▶ [Required action]: In the entries that follow, the lines from the line containing "Yves Salomon short" up to and including the line containing "在北京亦創(chuàng)國" must be copied exactly, with pictures omitted.

▶ [Data for analysis]:
-------

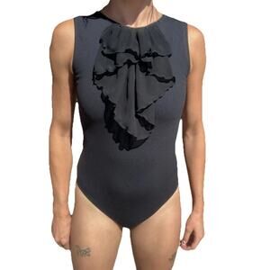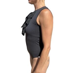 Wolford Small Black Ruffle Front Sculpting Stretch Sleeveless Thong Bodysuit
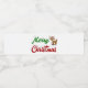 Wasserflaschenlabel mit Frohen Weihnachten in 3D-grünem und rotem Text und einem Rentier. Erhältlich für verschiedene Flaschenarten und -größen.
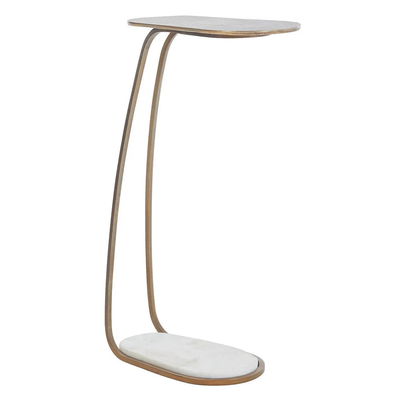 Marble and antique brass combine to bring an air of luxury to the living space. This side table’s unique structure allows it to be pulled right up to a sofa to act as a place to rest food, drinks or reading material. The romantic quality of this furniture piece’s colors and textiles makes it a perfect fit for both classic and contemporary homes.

-------

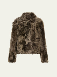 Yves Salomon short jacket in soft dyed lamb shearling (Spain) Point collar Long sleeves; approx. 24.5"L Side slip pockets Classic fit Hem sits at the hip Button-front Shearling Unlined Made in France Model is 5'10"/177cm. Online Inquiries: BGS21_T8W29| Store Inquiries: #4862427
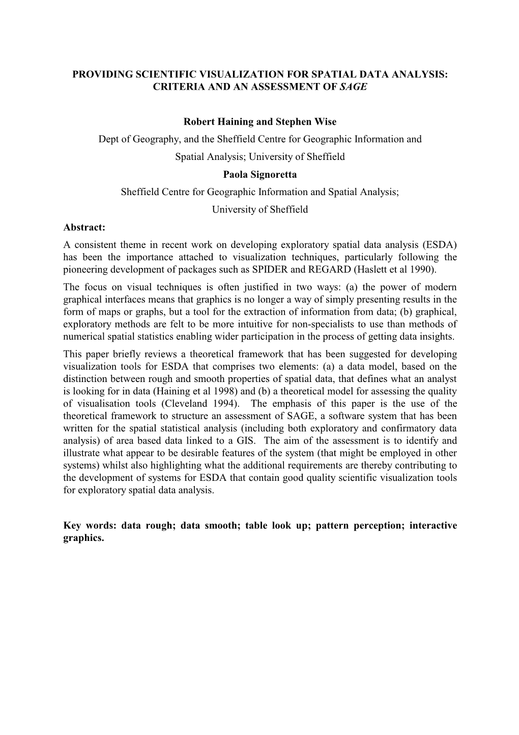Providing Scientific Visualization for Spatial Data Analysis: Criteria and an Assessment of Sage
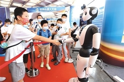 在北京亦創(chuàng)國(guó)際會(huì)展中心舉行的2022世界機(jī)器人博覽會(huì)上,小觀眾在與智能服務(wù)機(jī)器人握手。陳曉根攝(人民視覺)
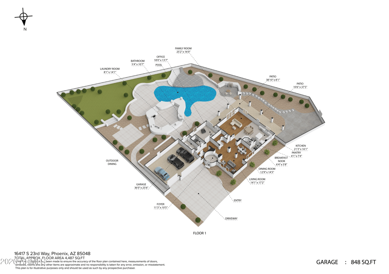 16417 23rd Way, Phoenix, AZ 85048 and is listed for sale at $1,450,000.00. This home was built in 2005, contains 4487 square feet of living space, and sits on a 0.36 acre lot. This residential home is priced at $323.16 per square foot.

-------

▶ [Answer below]:
 Yves Salomon short jacket in soft dyed lamb shearling (Spain) Point collar Long sleeves; approx. 24.5"L Side slip pockets Classic fit Hem sits at the hip Button-front Shearling Unlined Made in France Model is 5'10"/177cm. Online Inquiries: BGS21_T8W29| Store Inquiries: #4862427
Providing Scientific Visualization for Spatial Data Analysis: Criteria and an Assessment of Sage
 在北京亦創(chuàng)國(guó)際會(huì)展中心舉行的2022世界機(jī)器人博覽會(huì)上,小觀眾在與智能服務(wù)機(jī)器人握手。陳曉根攝(人民視覺)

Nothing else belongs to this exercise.